* **Work request**
For this exercise, retype every record below exactly and keep the pictures out.

* **Exercise input**
────────────────
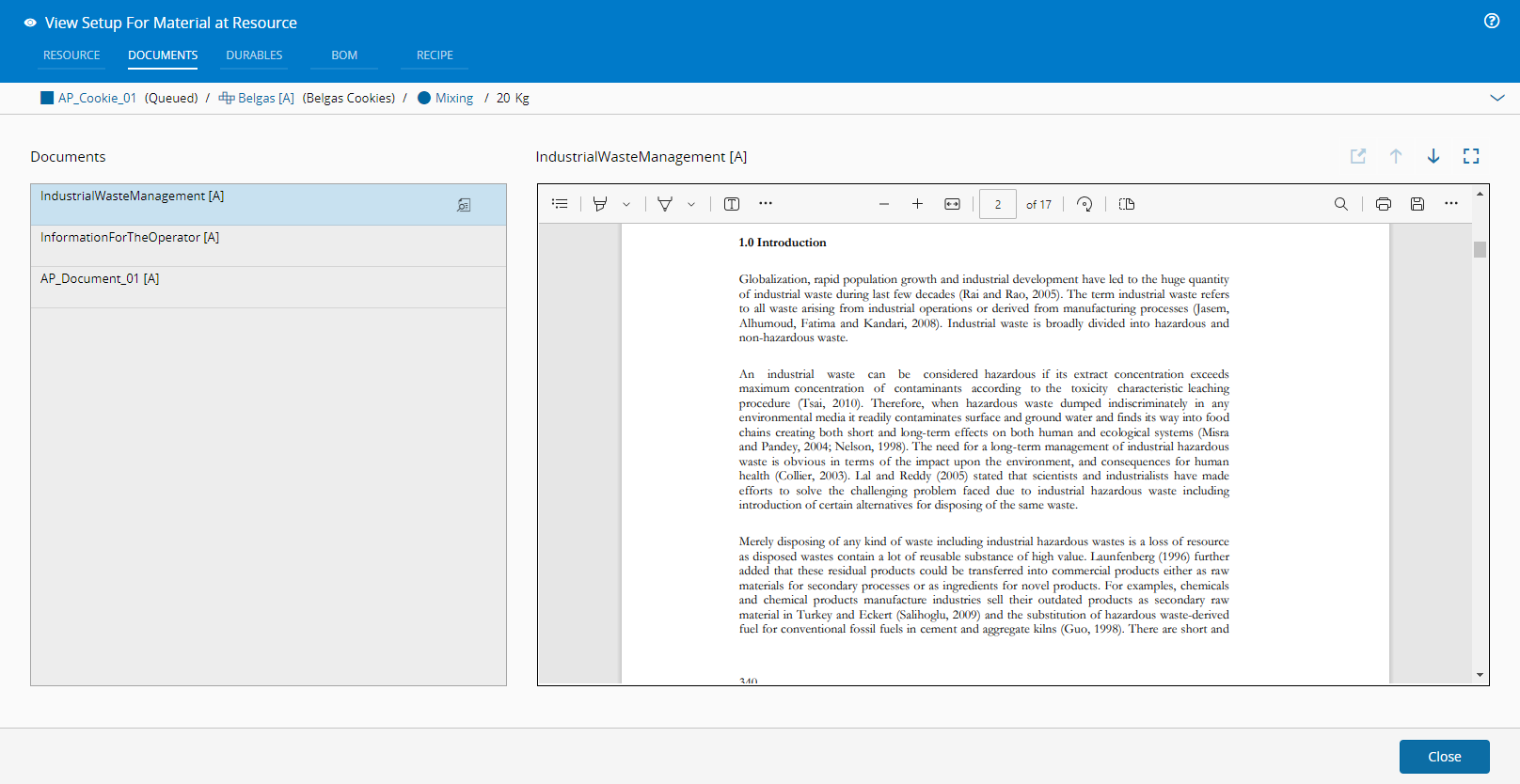 此操作用于查看一个资源中的一个物料的处理设置。这只是一个可视化工厂设施。
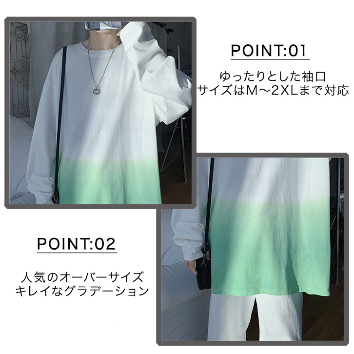 トップス Tシャツ 長袖 メンズ ロンT メンズロンT ロングTシャツ グラデーション グラデ おしゃれ 着心地抜群 着回し抜群 合わせやすい カジュアル ビッグシルエット トレンド オシャレ デイリー サイズ豊富 モード シンプル
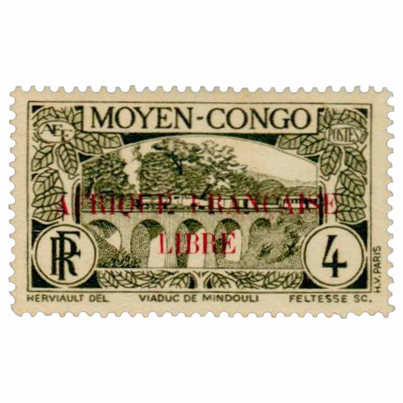 | Description | Viaduc de Mindouli, surcharge rouge "Afrique Française Libre" |
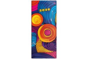 Měsíční diář pro rok 2026 z PVC Rozměr 82 x 184 x 5 mm Celkem 32 stran Info strany obsahují: přehledný kalendář 2026/2027, plánovací kalendář 2026, státní svátky a významné dny, prostor pro poznámky, …
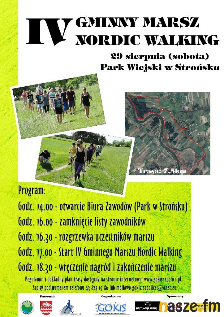 W tym roku organizatorzy wprowadzili zmianę lokalizacji marszu. Odbędzie się on w Strońsku, a nie jak dotychczas w Zapolicach. Start zaplanowano o godz. 17.00 z Parku Wiejskiego w Strońsku. Wcześniej, bo już o godz. 14.00 otwarte zostanie biuro zawodów. Osoby, które nie zgłoszą wcześniej chęci udziału w imprezie będą mogły to zrobić w sobotę. Tuż przed startem odbędzie się rozgrzewka przeprowadzona przez instruktorów.
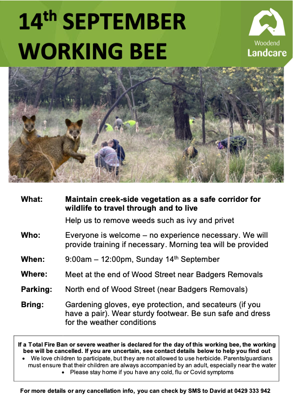 Join us at Heron St end of Campaspe Park this weekend for our last Sunday working bee in 2025. Come along from 9am to remove some weeds, before we hang up the tools early for an extended festive morning tea. See flyer for details.
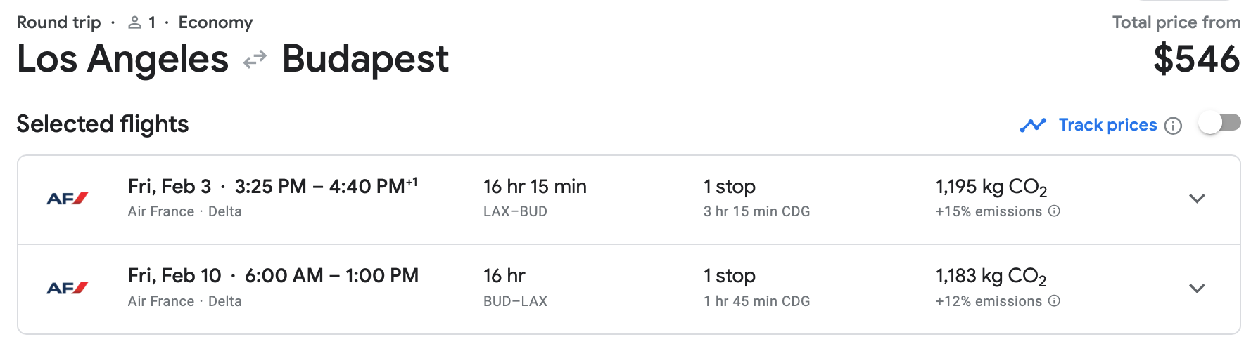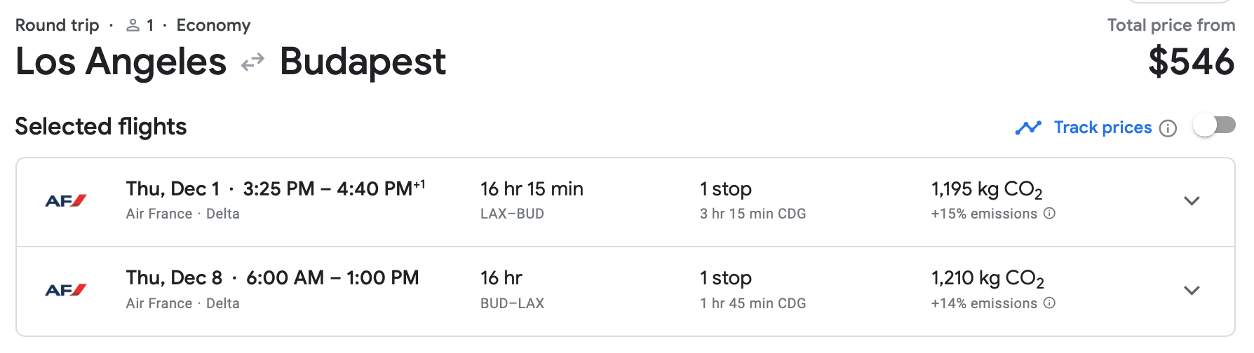 Air France has the same route available in December for just $546. This is an excellent price for a December trip from the West Coast to Hungary.
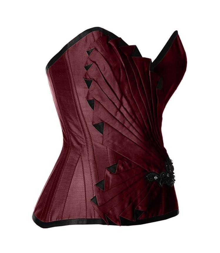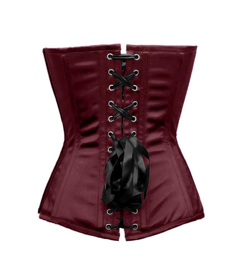 • Burgundy Satin/Taffeta Embroidered Overbust Corset
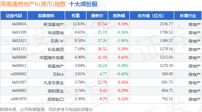 深港通房地产R(港币)(483072)指数十大成份股详情如下:
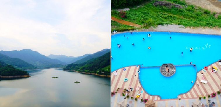 이곳은 국내 최대 규모 100m 인피니티 풀에서 보는 하동의 가장 멋진 지리산 뷰와 미끄럼틀도 있고 튜브, 구명조끼까지 대여할 수 있어요. 그리고 수심이 낮은 곳부터 깊은 곳까지 있어서 아이들과 함께 즐기기에도 좋답니다.
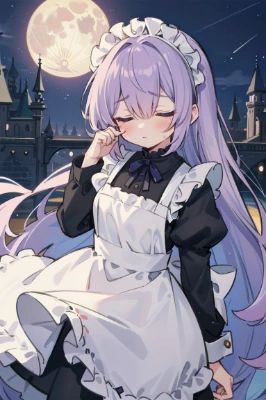 masterpiece,best quality, extremely detailed, secret devil-girl bat-wings ((mekakure,)) ((covered eyes, hair over eyes, )) ((bangs, long bangs, ))red-eyes long-purple-hair maid clothes. high-fantasy-style .devil-king-castle night full-moon speech-heart public-tatoo smiling solo blush kiss-face,
────────────────
* **Exercise response**
 此操作用于查看一个资源中的一个物料的处理设置。这只是一个可视化工厂设施。
 トップス Tシャツ 長袖 メンズ ロンT メンズロンT ロングTシャツ グラデーション グラデ おしゃれ 着心地抜群 着回し抜群 合わせやすい カジュアル ビッグシルエット トレンド オシャレ デイリー サイズ豊富 モード シンプル
 | Description | Viaduc de Mindouli, surcharge rouge "Afrique Française Libre" |
 Měsíční diář pro rok 2026 z PVC Rozměr 82 x 184 x 5 mm Celkem 32 stran Info strany obsahují: přehledný kalendář 2026/2027, plánovací kalendář 2026, státní svátky a významné dny, prostor pro poznámky, …
 W tym roku organizatorzy wprowadzili zmianę lokalizacji marszu. Odbędzie się on w Strońsku, a nie jak dotychczas w Zapolicach. Start zaplanowano o godz. 17.00 z Parku Wiejskiego w Strońsku. Wcześniej, bo już o godz. 14.00 otwarte zostanie biuro zawodów. Osoby, które nie zgłoszą wcześniej chęci udziału w imprezie będą mogły to zrobić w sobotę. Tuż przed startem odbędzie się rozgrzewka przeprowadzona przez instruktorów.
 Join us at Heron St end of Campaspe Park this weekend for our last Sunday working bee in 2025. Come along from 9am to remove some weeds, before we hang up the tools early for an extended festive morning tea. See flyer for details.
 Air France has the same route available in December for just $546. This is an excellent price for a December trip from the West Coast to Hungary.
 • Burgundy Satin/Taffeta Embroidered Overbust Corset
 深港通房地产R(港币)(483072)指数十大成份股详情如下:
 이곳은 국내 최대 규모 100m 인피니티 풀에서 보는 하동의 가장 멋진 지리산 뷰와 미끄럼틀도 있고 튜브, 구명조끼까지 대여할 수 있어요. 그리고 수심이 낮은 곳부터 깊은 곳까지 있어서 아이들과 함께 즐기기에도 좋답니다.
 masterpiece,best quality, extremely detailed, secret devil-girl bat-wings ((mekakure,)) ((covered eyes, hair over eyes, )) ((bangs, long bangs, ))red-eyes long-purple-hair maid clothes. high-fantasy-style .devil-king-castle night full-moon speech-heart public-tatoo smiling solo blush kiss-face,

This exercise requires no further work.